How do I calculate an LC bandpass filter?

For center frequency f0, bandwidth BW, impedance Z0: L = Z0/(π×BW), C = BW/(Z0×(2πf0)²), Q = f0/BW. Example: 455kHz IF, 10kHz BW, 50Ω → L = 1.59mH, C = 243pF, Q = 45.5.

How much attenuation does a 2nd order LC filter give?

−40 dB/decade (−12 dB/octave). At 2× fc: −12 dB. At 10× fc: −40 dB. At 100× fc: −80 dB. Each additional order adds 20 dB/decade of rolloff.

Why use LC instead of RC filters?

LC filters are lossless — they store and return energy reactively rather than burning it in a resistor. This matters in power supplies (efficiency) and RF circuits (signal loss). RC filters are simpler, cheaper, and suitable for audio and signal conditioning where small power losses are acceptable.

What impedance should I use?

RF circuits: 50Ω (universal standard). Audio speaker crossovers: nominal driver impedance (8Ω typical). Power supplies: match source and load impedance for the ripple frequency. Mismatched Z0 shifts the actual cutoff from the designed value.

What is a notch filter and how do I design one?

A notch (bandstop) filter rejects a specific frequency while passing all others. A parallel LC circuit resonates at f0 = 1/(2π√(LC)) and presents a very high impedance at that frequency, blocking it. Common use: 50Hz mains hum rejection in audio equipment. For 50Hz notch with 50Ω: L = 50/(π×10) = 1.59H — very large, so active RC notch filters are preferred at audio frequencies.

Advanced LC Filter Concepts

LC Resonance and the Q-Factor

When an inductor and capacitor are connected together, they exchange energy at a natural resonant frequency: f₀ = 1/(2π√(LC)). The Q-factor of the tank circuit determines how sharply it resonates: Q = f₀/(Δf) where Δf is the −3dB bandwidth. High Q (narrow bandwidth) is desirable for radio tuning circuits but causes ringing (oscillation) in filter applications if the circuit is underdamped. Always ensure your filter's load provides adequate damping or add a small series resistance to the output capacitor.

Inductor Core Selection

The inductor core material dominates performance above a few kHz. Air core: lowest loss, highest Q, no saturation — ideal for RF filters above 1 MHz. Physically larger for the same inductance. Ferrite core: high permeability allows small size, good up to ~100MHz, but lossy above that. Best for RF chokes and EMI filters. Iron powder core: high saturation current, good for DC bias + AC signal (switching supplies). Lower Q than ferrite. Laminated silicon steel: only suitable below 1kHz — mains frequency transformers and audio output filters.

Self-Resonance of Real Inductors

Real inductors have parasitic capacitance between their windings.

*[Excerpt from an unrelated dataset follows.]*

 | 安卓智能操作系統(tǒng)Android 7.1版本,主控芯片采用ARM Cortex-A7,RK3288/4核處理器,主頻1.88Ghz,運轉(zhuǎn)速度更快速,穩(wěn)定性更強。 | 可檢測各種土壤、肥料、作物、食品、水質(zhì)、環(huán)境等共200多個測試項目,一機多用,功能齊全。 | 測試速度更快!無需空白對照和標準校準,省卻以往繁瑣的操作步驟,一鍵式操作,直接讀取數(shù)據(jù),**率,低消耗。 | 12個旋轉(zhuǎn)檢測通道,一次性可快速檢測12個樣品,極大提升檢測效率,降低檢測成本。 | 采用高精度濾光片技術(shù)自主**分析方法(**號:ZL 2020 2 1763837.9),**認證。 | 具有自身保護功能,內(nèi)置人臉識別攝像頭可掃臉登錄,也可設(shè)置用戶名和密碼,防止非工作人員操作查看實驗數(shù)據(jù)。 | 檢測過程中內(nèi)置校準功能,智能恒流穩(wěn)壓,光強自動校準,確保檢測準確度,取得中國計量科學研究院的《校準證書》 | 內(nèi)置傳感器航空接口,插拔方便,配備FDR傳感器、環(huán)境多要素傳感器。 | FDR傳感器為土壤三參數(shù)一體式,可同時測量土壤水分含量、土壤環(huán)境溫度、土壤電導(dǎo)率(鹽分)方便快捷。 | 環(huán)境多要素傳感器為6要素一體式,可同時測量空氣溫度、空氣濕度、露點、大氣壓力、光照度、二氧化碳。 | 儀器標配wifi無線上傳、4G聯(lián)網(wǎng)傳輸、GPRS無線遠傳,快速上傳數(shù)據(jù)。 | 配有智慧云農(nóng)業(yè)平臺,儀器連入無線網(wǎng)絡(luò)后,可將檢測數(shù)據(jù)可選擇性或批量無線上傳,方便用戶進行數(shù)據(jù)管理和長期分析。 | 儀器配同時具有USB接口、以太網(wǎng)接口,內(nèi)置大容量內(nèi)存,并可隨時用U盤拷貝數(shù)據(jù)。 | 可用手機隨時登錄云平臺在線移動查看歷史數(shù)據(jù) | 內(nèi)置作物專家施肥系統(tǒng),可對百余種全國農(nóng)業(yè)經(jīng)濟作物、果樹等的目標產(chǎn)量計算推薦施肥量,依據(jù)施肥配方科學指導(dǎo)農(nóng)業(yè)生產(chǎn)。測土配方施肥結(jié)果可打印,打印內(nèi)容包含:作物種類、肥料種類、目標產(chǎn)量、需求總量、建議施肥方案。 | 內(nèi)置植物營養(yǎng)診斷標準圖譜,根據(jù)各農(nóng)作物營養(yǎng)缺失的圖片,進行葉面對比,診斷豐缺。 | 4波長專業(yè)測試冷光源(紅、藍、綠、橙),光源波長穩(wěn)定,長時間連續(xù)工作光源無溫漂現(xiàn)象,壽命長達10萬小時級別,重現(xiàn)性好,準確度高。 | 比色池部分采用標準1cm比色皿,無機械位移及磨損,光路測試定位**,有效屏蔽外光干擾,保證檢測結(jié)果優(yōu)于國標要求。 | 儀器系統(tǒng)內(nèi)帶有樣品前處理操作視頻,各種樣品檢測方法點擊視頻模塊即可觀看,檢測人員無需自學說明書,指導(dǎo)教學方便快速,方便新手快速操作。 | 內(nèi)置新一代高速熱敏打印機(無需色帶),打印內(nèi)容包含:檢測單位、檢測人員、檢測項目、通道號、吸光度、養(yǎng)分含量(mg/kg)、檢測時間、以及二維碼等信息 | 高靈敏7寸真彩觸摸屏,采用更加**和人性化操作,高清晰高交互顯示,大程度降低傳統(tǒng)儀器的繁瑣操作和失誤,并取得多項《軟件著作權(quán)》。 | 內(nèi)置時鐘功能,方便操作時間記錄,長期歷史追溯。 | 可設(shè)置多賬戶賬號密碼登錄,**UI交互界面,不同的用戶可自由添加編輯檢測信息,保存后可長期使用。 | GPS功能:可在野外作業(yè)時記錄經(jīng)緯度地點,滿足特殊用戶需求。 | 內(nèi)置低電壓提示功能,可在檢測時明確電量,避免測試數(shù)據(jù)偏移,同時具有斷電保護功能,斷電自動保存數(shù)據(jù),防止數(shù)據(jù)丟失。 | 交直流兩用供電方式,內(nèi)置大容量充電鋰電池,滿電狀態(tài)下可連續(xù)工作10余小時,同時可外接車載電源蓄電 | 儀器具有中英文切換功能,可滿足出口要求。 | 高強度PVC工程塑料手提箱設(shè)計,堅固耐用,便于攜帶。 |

Above the self-resonant frequency (SRF), the inductor behaves as a capacitor — completely defeating the filter. For example, a 10µH inductor with 5pF parasitic capacitance has an SRF of about 22MHz. Using it in an RF filter at 100MHz is pointless — it has already stopped acting as an inductor. Always check the SRF in the component datasheet and keep your operating frequency below 50% of the SRF. Use our Planar Inductor Calculator to estimate SRF for PCB coils.

Component Tolerance and Frequency Error

Standard inductors carry ±5% to ±20% tolerance; standard capacitors ±5% to ±20%. Combined worst-case tolerance can shift cutoff frequency by ±10–20% from designed values. For audio crossovers: use 5% film capacitors and 5% inductors. For RF filters: use 1% NPO/C0G capacitors and precision RF inductors. The calculator outputs the ideal values — always verify with a network analyser or frequency response sweep on the actual built circuit.